▶ Exercise details: Before you write out the listing, remove the pictures; everything else stays exactly as it is.

▶ Provided material:

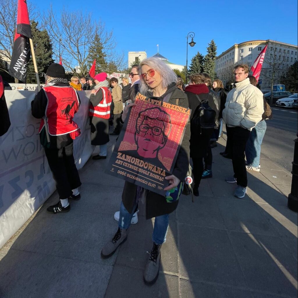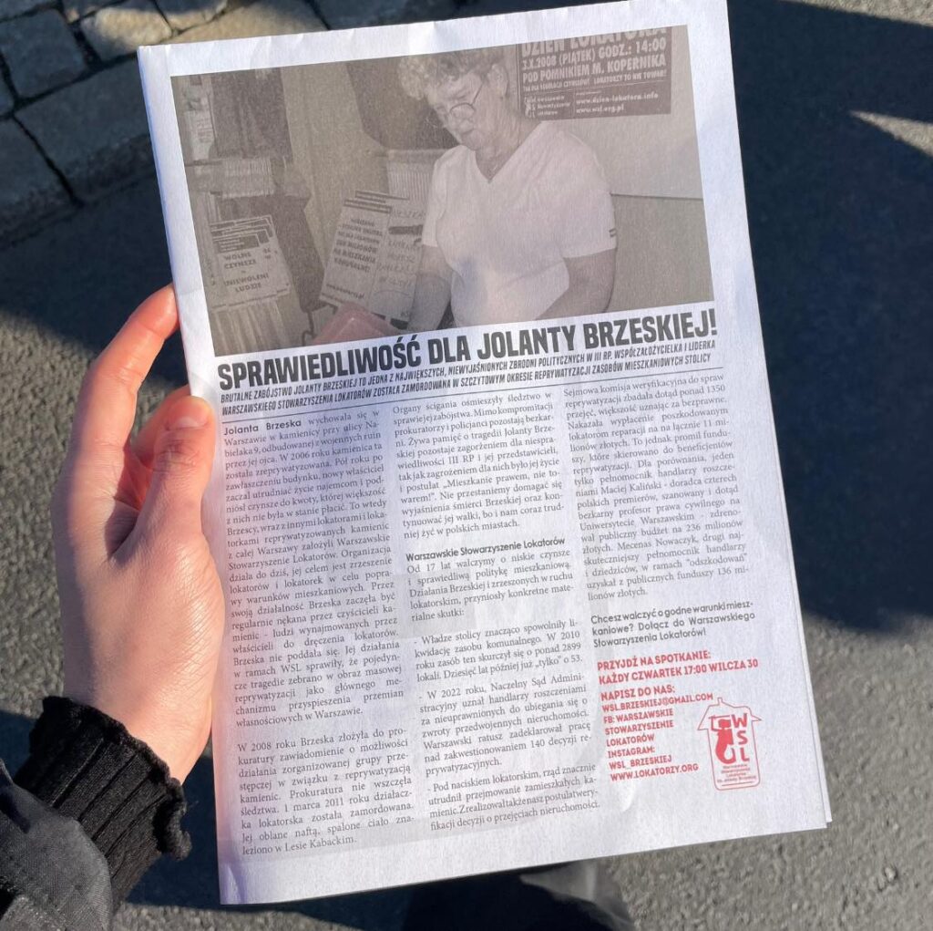 Podczas przemówień nasza działaczka przypomniała postać Jolanty Brzeskiej, kobiety, która z wyzyskiem walczyła na tyle skutecznie, że za tę walkę została zamordowana. Rozdaliśmy dziś plakato-gazetki z historią Brzeskiej oraz opisem procesu tuszowania jej morderstwa. Na dzisiejszej demonstracji obecnych było wiele działaczek kontynuujących walkę Brzeskiej o tanie mieszkania – znaczna większość osób zrzeszonych w stowarzyszeniach lokatorskich to właśnie kobiety. Zamierzamy kontynuować jej walkę, aż do ukarania sprawców zbrodni oraz zażegnania kryzysu mieszkaniowego!
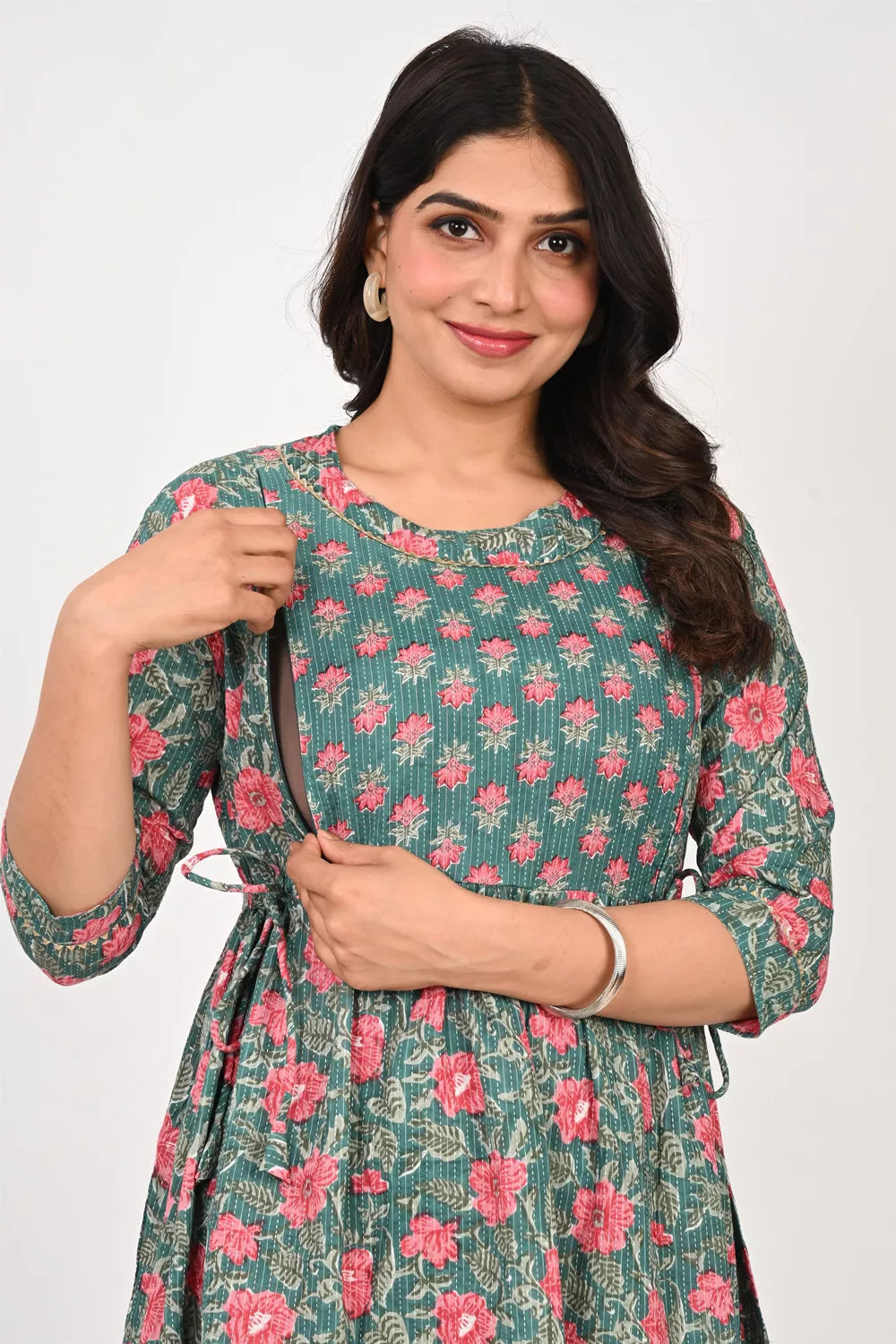 This is a steel grey color maternity kurti cum feeding gown with pinkish floral motifs printed on it, also this kurti has two invisible side chains for feeding. This nursing gown is been made in Pure Cotton cambric Khatta fabric. Its has round neck & 3/4th sleeves. This maternity kurti has back side Tie-Ups to provide maximum support and shape, also this stylish dress can be worn pre &; post pregnancy.
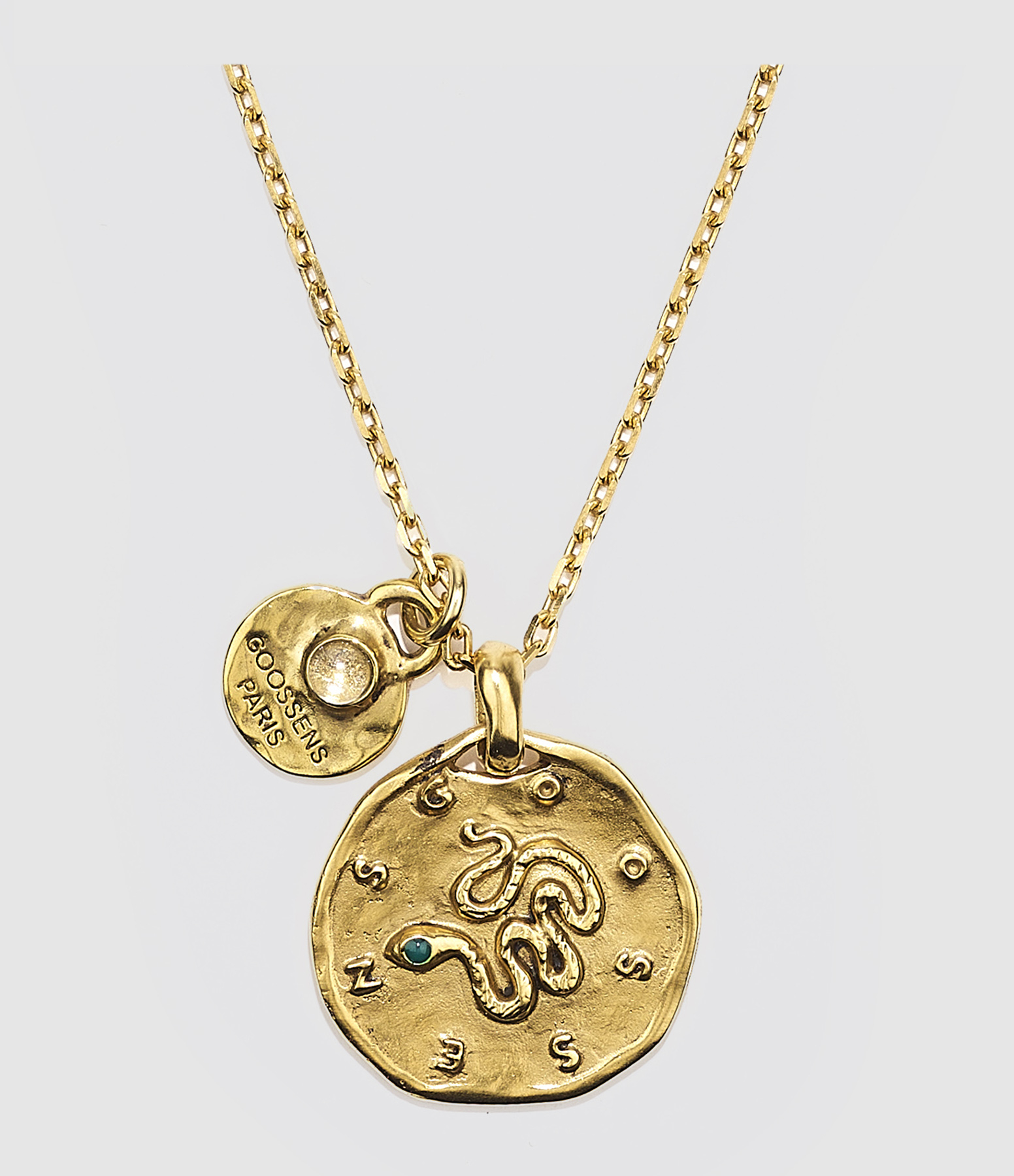 Collier sur chaîne en métal trempé dans un bain d'or 24 carats. Médaille serpent et inscriptions "GOOSENS". Fermoir classique à ressort.
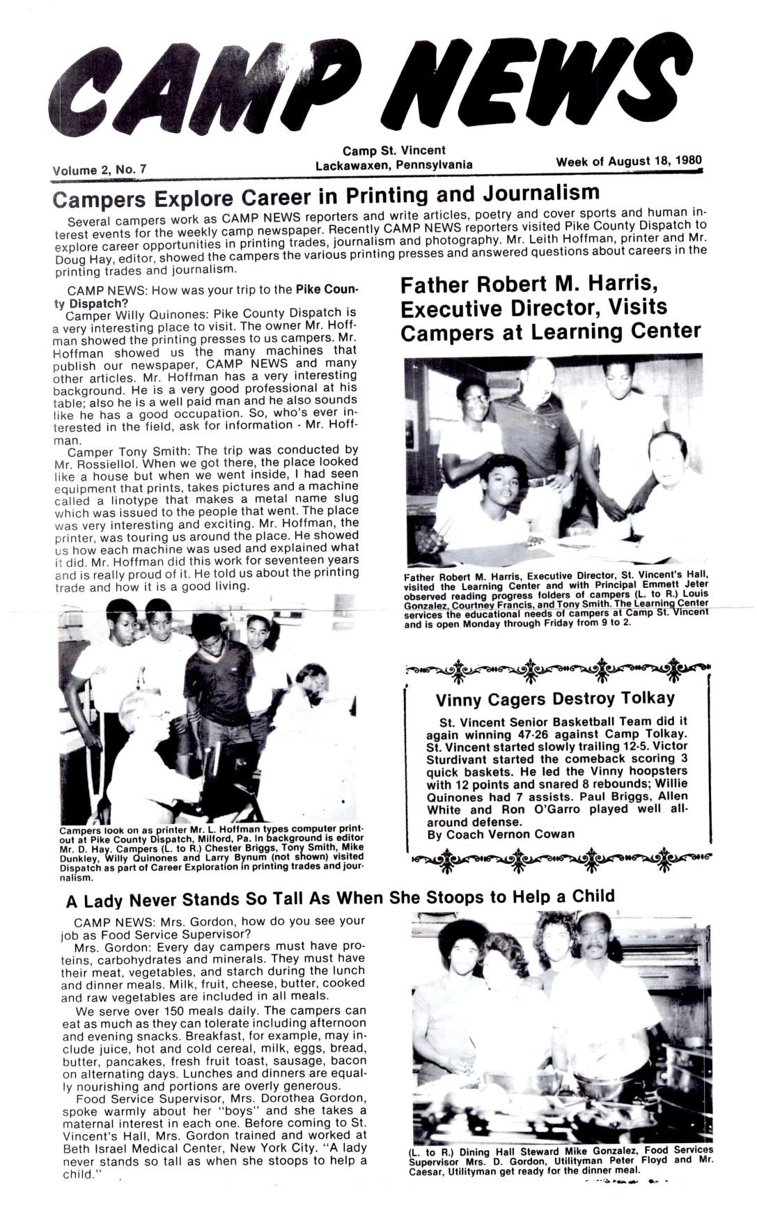 Camp St. Vincent’s Camp Delanore Delawaxen was replaced by the Camp St. Vincent’s run by St. Vincent’s Hall in Brooklyn, NY. This camp was a summer getaway for the orphanage in Brooklyn. Camp News 2 Camp news 6 Camp news 5 Camp news 1 Camp news 3 Camp news 4

▶ Response area:
 Podczas przemówień nasza działaczka przypomniała postać Jolanty Brzeskiej, kobiety, która z wyzyskiem walczyła na tyle skutecznie, że za tę walkę została zamordowana. Rozdaliśmy dziś plakato-gazetki z historią Brzeskiej oraz opisem procesu tuszowania jej morderstwa. Na dzisiejszej demonstracji obecnych było wiele działaczek kontynuujących walkę Brzeskiej o tanie mieszkania – znaczna większość osób zrzeszonych w stowarzyszeniach lokatorskich to właśnie kobiety. Zamierzamy kontynuować jej walkę, aż do ukarania sprawców zbrodni oraz zażegnania kryzysu mieszkaniowego!
 This is a steel grey color maternity kurti cum feeding gown with pinkish floral motifs printed on it, also this kurti has two invisible side chains for feeding. This nursing gown is been made in Pure Cotton cambric Khatta fabric. Its has round neck & 3/4th sleeves. This maternity kurti has back side Tie-Ups to provide maximum support and shape, also this stylish dress can be worn pre &; post pregnancy.
 Collier sur chaîne en métal trempé dans un bain d'or 24 carats. Médaille serpent et inscriptions "GOOSENS". Fermoir classique à ressort.
 Camp St. Vincent’s Camp Delanore Delawaxen was replaced by the Camp St. Vincent’s run by St. Vincent’s Hall in Brooklyn, NY. This camp was a summer getaway for the orphanage in Brooklyn. Camp News 2 Camp news 6 Camp news 5 Camp news 1 Camp news 3 Camp news 4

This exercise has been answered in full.